This sounds so refreshing and atypical of the standard take home test that I
would love to give this a go.

My email is my handle at gmail.com

No obligation. You don't even have to have a current opening. I want to
honestly give this a go only to experience what this feels like. That would be
value enough for me.

------
fjfaase
I guess this has to do a lot with hiring culture. Here in the Netherlands,
these kind of tests are rare. You get two or three interviews, which are more
about your programming experience and your personal strengths and weaknesses.
It is as much about whether you fit the company and its culture. Sometimes you
are given a tour through the company or are given the opportunity to talk to
some of your potential new colleagues, and usually includes meeting your first
responsible manager. If everything goes well, you get a job offer and a one or
two month trial period, during which both parties can terminate the contract
on any moment. In my life, I only once had to do some coding before a white
board. I felt like not doing very well, but they thought it was great. The
idea that you can select the best person for a job position by testing is not
really based science, because there are so many factors involved that you
cannot assess with some tests either performed on spot or at home.

------
s5ma6n
It is usually very easy to criticize and not provide any alternative
solutions. How should a company process 1000 resumes with a meaningful effort
and find candidates to be called for an on-site interview?
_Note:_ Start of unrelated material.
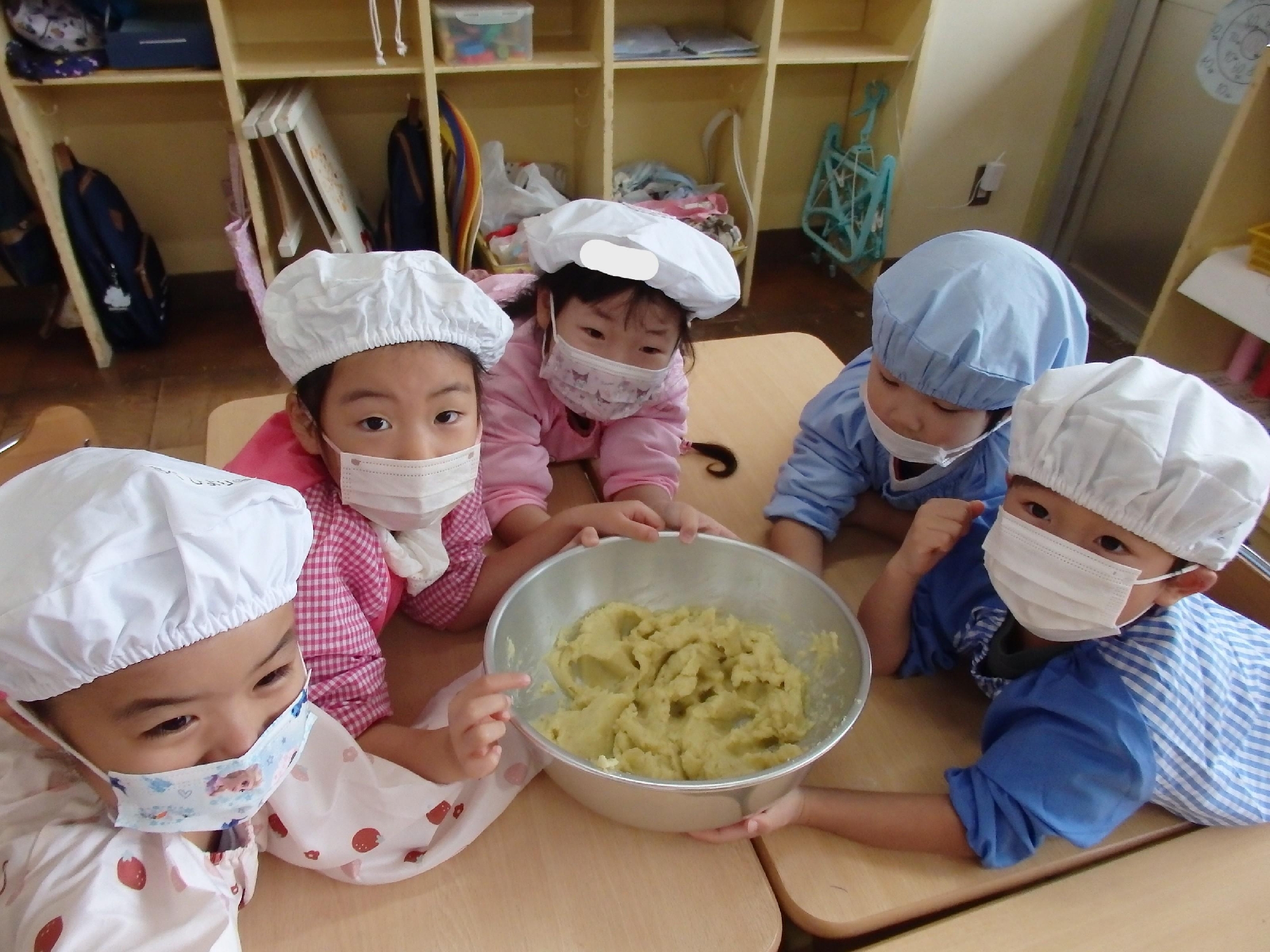 担任が切り、あく抜きしたものを茹で、茹でたさつまいもを子ども達がつぶしました。

If you think a single on-site interview of a candidate, it usually takes a few
hours of multiple people from every segment of the company (mgmt, development,
HR). Everybody has to prepare beforehand for some time for these interviews as
well. So in the end, every on-site interview is costly for a company.

As an engineer, I dislike attending on-site interviews to hire people because
I see it as a time that is not used optimally.

Finally, IMHO, the solution is to provide both standard-track and fast-track
interviews where exceptional (on paper) candidates can be called directly for
an interview and regular candidates would have multi-stage interviews.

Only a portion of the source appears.